The December 2004 tsunami ravaged coastal communities off the Indian Ocean, claiming nearly a quarter of a million lives in 12 countries. India, Indonesia, Sri Lanka and Thailand were among the hardest hit. The death toll in the worst-affected region of Indonesia alone was more than 165 000, while thousands of kilometers of coastline in India were devastated.

The fisheries and aquaculture sectors suffered major setbacks. Thousands of boats, fishing nets and gear – as well as infrastructure, including ice plants and cold rooms – were damaged or destroyed. Crops, livestock and coastal ecosystems, such as mangroves and tree crops, were also severely damaged.

It was a disaster of unprecedented proportions, prompting an unprecedented outpouring of resources for recovery and reconstruction efforts. This presented an opportunity for governments and partners to work together to “build back better” – restoring livelihoods, rehabilitating ecosystems and improving the overall wellbeing and resilience of vulnerable communities.

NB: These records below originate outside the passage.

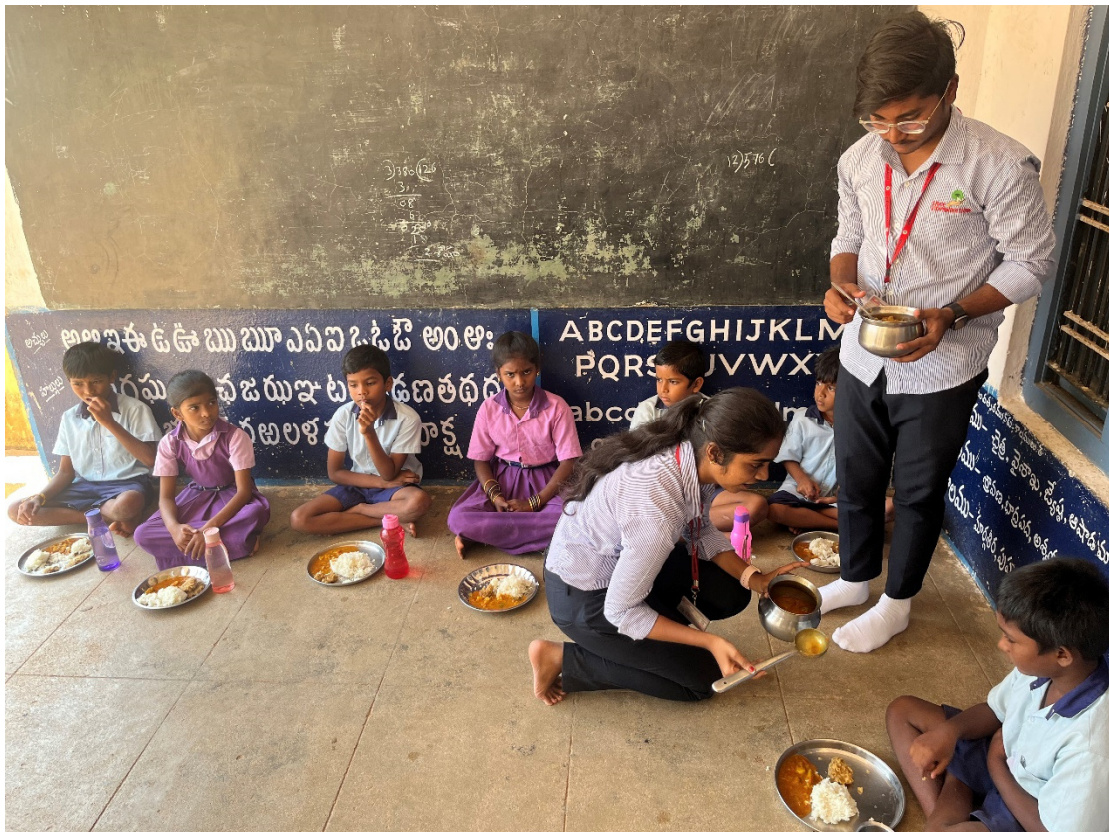
ASCE SVEC Student Chapter Office Bearers of Civil Engineering Department - Visit to "Bandarlapalli Aganwadi Centre & Pre-Primary School", Bandarlapalli (V), Chandragiri (M), Tirupati District, A.P, India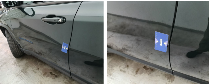
Door Front Left // Smart Repair Small-scratch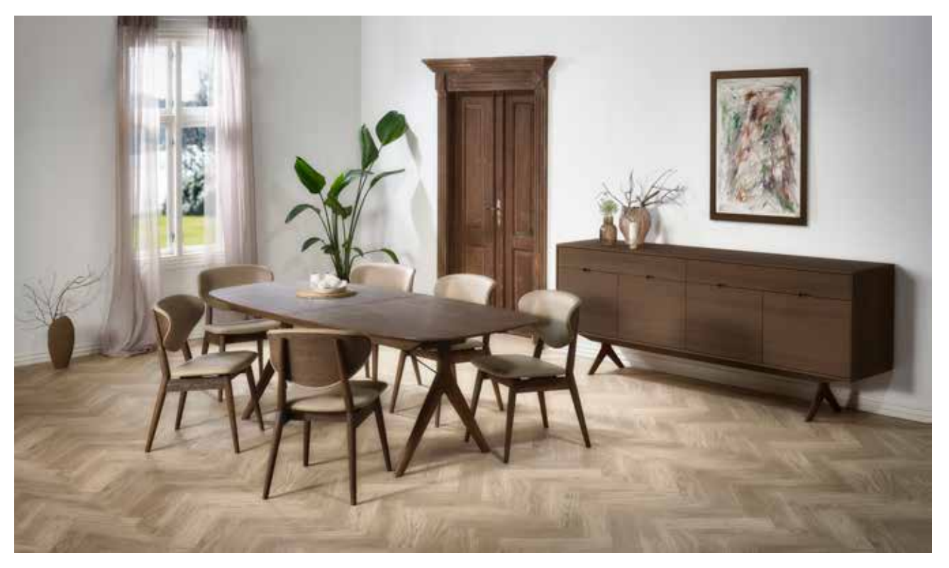
Corna Super Ellipse, Cor chair, Oculus XL-sideboard in dark oak.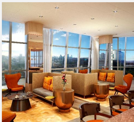
Alvear Icon Hotel & Residences

An uncommon experience not to miss: Located in Tanzania's Shungimbili Island Marine Reserve, marine conservation is at the core of the Island's offering. Through ongoing partnerships with the Tanzanian Marine Parks and the leading NGO, Sea Sense, guests are encouraged to get involved in a range of educational projects, such as marine wildlife monitoring or awareness workshops with villagers on neighboring Mafia Island.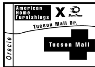
Tucson Mall-Northwest corner East of American Home Furnishing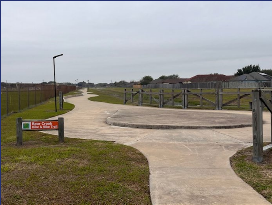
Bear Creek Hike & Bike Trail Head at Yorktown Blvd (North)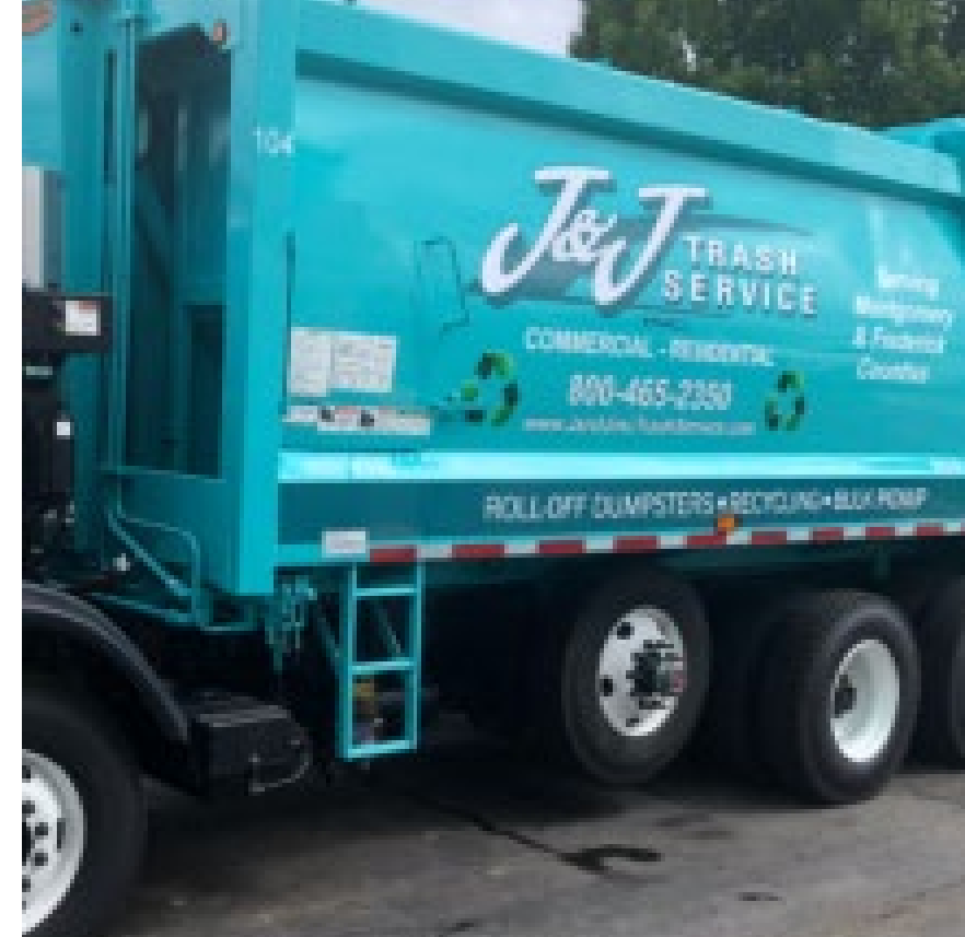
J&J Trash Service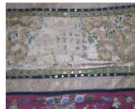
Chines banner detail 2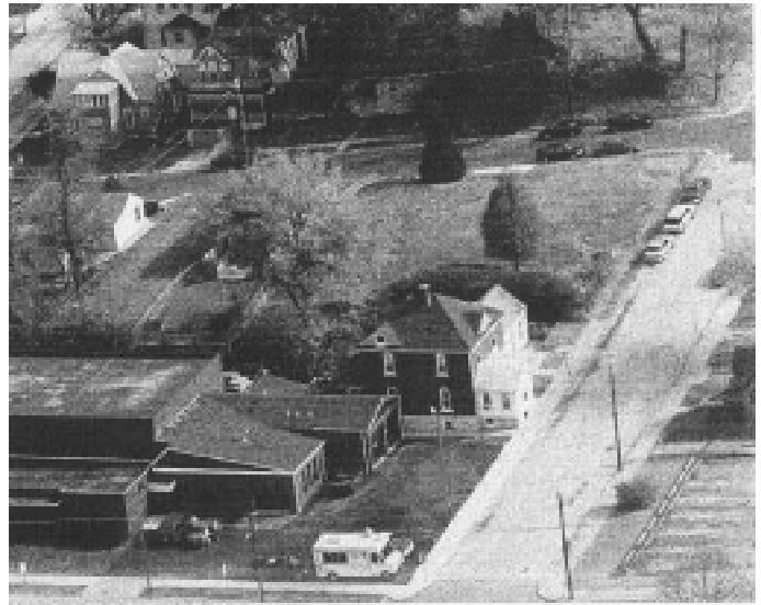
Booth House Site with Alby along the bottom of the photo and 5th Street going up to Easton.

Planning is already underway on this project. Shepard, Morgan & Schwab will prepare a site survey and architectural plans will be prepared for a 42 bed two story brick building. This facility will contain a men's bathroom and shower, a women's bathroom and shower and bathtub, a staff bathroom, office space for the director and counseling staff, door security and video monitoring system, a small kitchenette with sink, disposal, refrigerator and microwave, living room with television, tables, and recreation area, and an elevator.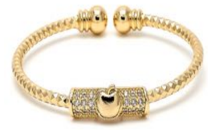
GOLD LAYERED 07.193.0010.1 INDIVIDUAL BANGLE, APPLE AND BALL DESIGN, WITH WHITE MICRO PAVE, DIAMOND CUTTING FINISH, GOLD TONE (2 MM THICKNESS, ONE SIZE FITS ALL)

In helping tsunami-affected fishing and farming families get back on their feet, for example, efforts were made by FAO and partners to ensure compliance with international environmental, health and safety standards, from boat construction to fisheries to the management of sustainable natural resources.
Likewise, after an 8.8-magnitude earthquake struck Chile in 2010, causing widespread damage and triggering a tsunami, FAO provided affected fishing communities with boats, motors, nets, diving equipment, ice machines and navigation kits, while working to improve safety standards and marketing opportunities.